Port Moody city council voted Tuesday to reject Metro Vancouver’s Regional Growth Strategy, a 30-year infrastructure plan set out to deal with the 1.2 million new residents expected in Metro Vancouver by 2040.

In a five-to-one vote that saw every councillor (except an absent Coun. Meghan Lahti) vote down the growth strategy, Port Moody Mayor Joe Trasolini registered the lone vote in favour of accepting the plan.

City councillors roundly rejected the 30-year growth strategy in keeping with the city’s ongoing “no-growth” policy, which calls for construction to have begun on the Evergreen Line and the Murray-Clarke Connector before any further development in the city is allowed.

Their worry, as always, is traffic as Port Moody has become an increasingly congested choke point between Port Coquitlam and Coquitlam and communities to the west.

Coun. Karen Rockwell said that unless Port Moody is ready to block all non-resident commuter traffic from entering the city, she would not support the growth strategy.

Coun. Mike Clay’s response to Metro Vancouver over the plan was, “Fool us once, shame on you.
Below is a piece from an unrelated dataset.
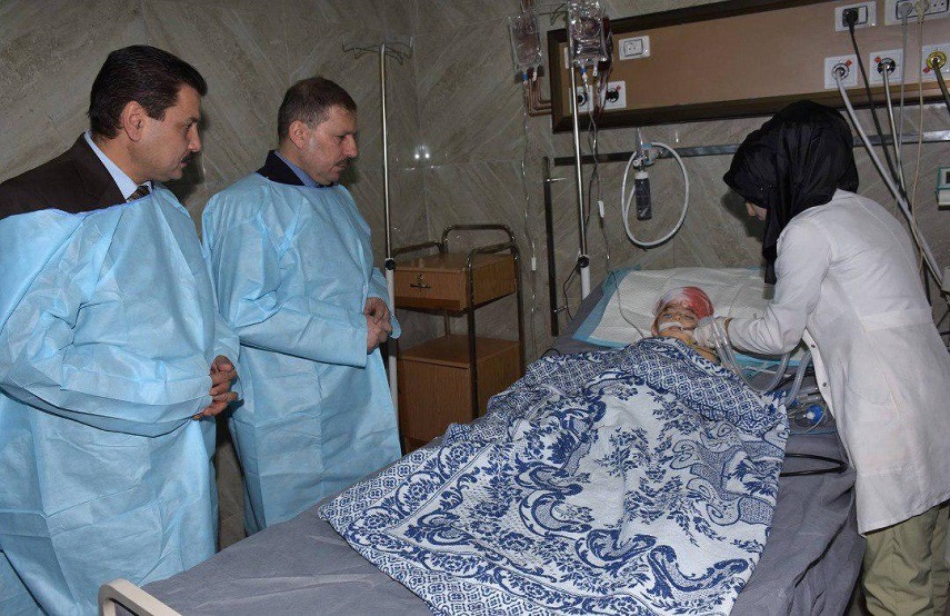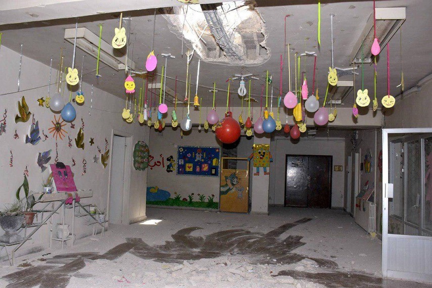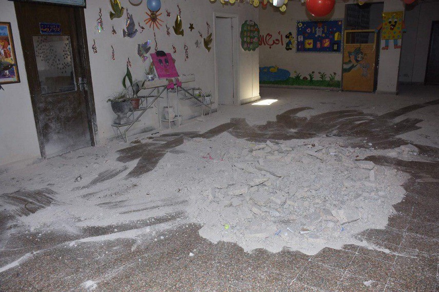 قام الارهابيون المسلحون بالاعتداء بالقذائف الصاروخية باستهداف المدنيين في شارع النيل بمدينة حلب .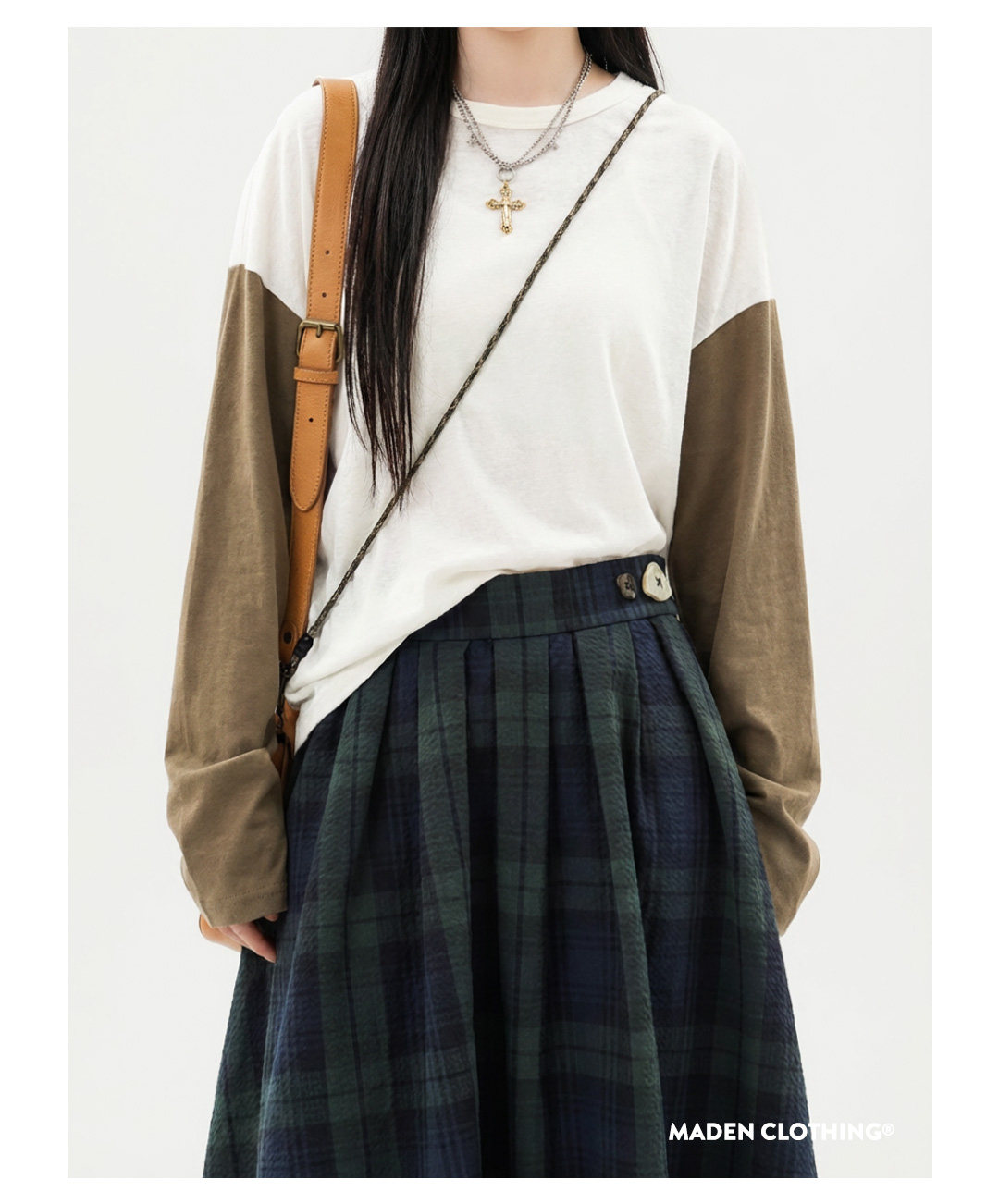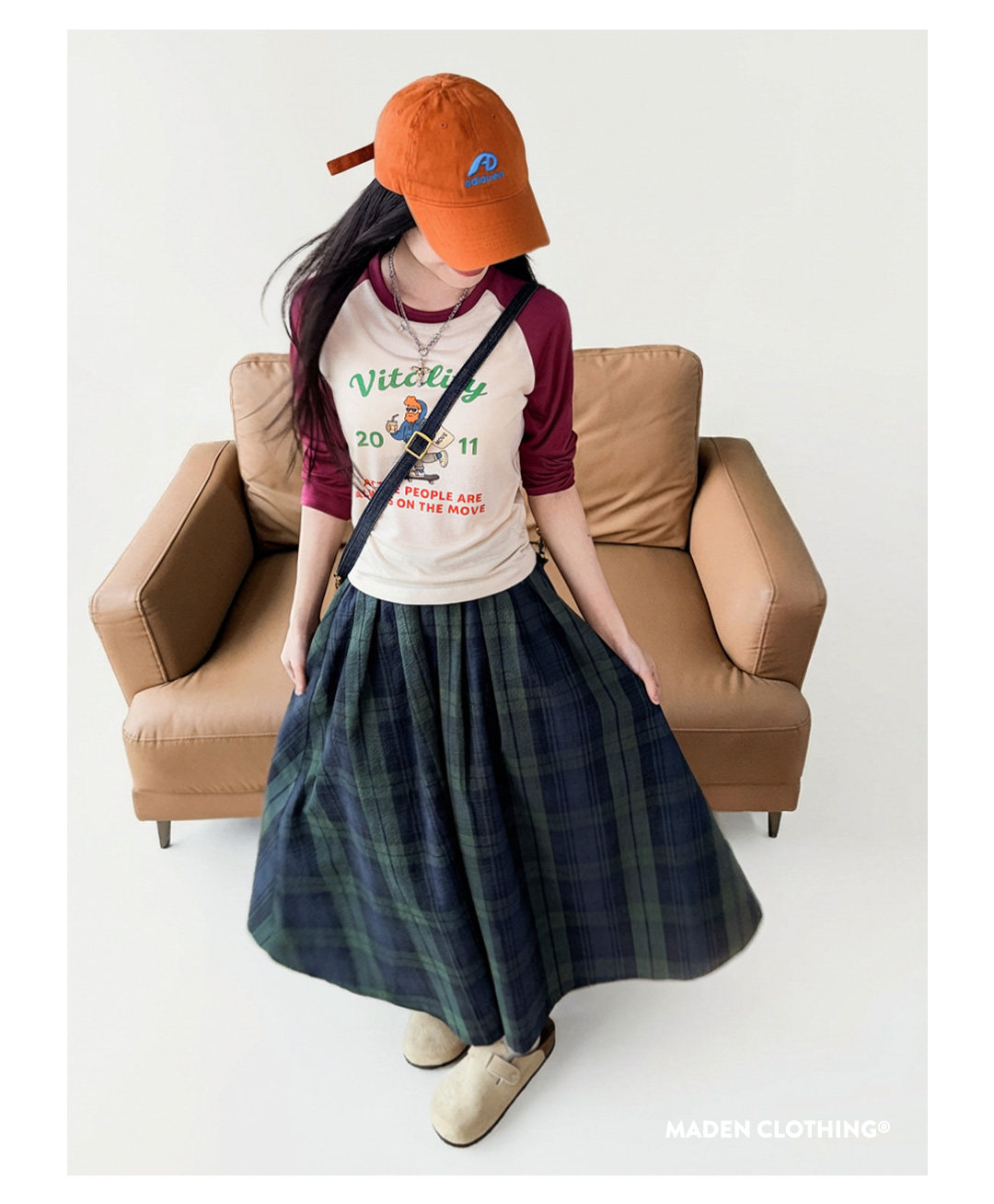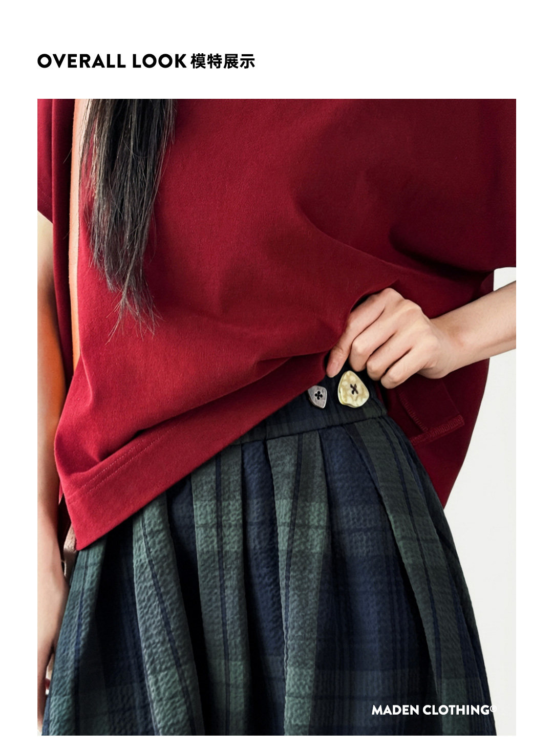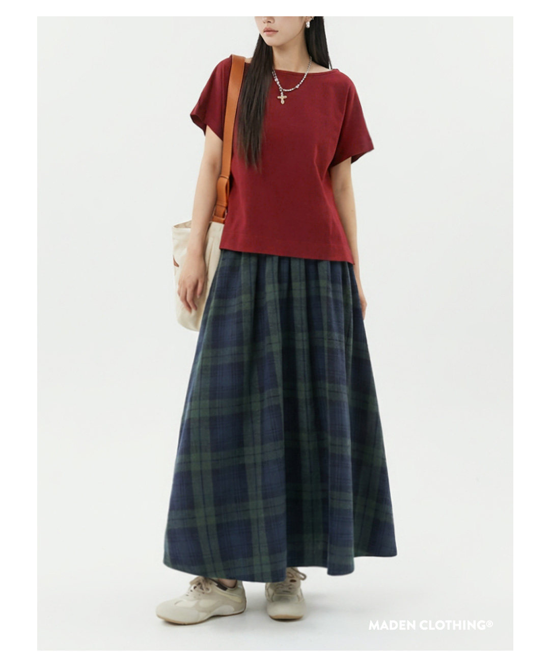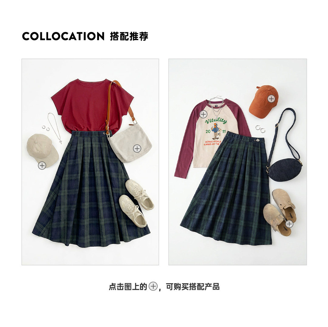 马登复古泡泡纱格纹半身长裙全纯棉松紧腰肌理感A字伞裙子女士春

Fool us twice, shame on us.”

He also said it’s Port Moody’s responsibility to warn other Metro municipalities against believing that if they meet Metro’s population targets, they’ll get the transportation infrastructure promised in the growth strategy.

Despite voting to accept the growth strategy, Mayor Trasolini agreed with Clay that Coquitlam and other Metro municipalities are rushing ahead too quickly with development projects, saying they should look to Port Moody as an example of responsible, sustainable growth.

The first draft of the Regional Growth Strategy was drawn up in November 2009 and municipalities have been requesting adjustments ever since.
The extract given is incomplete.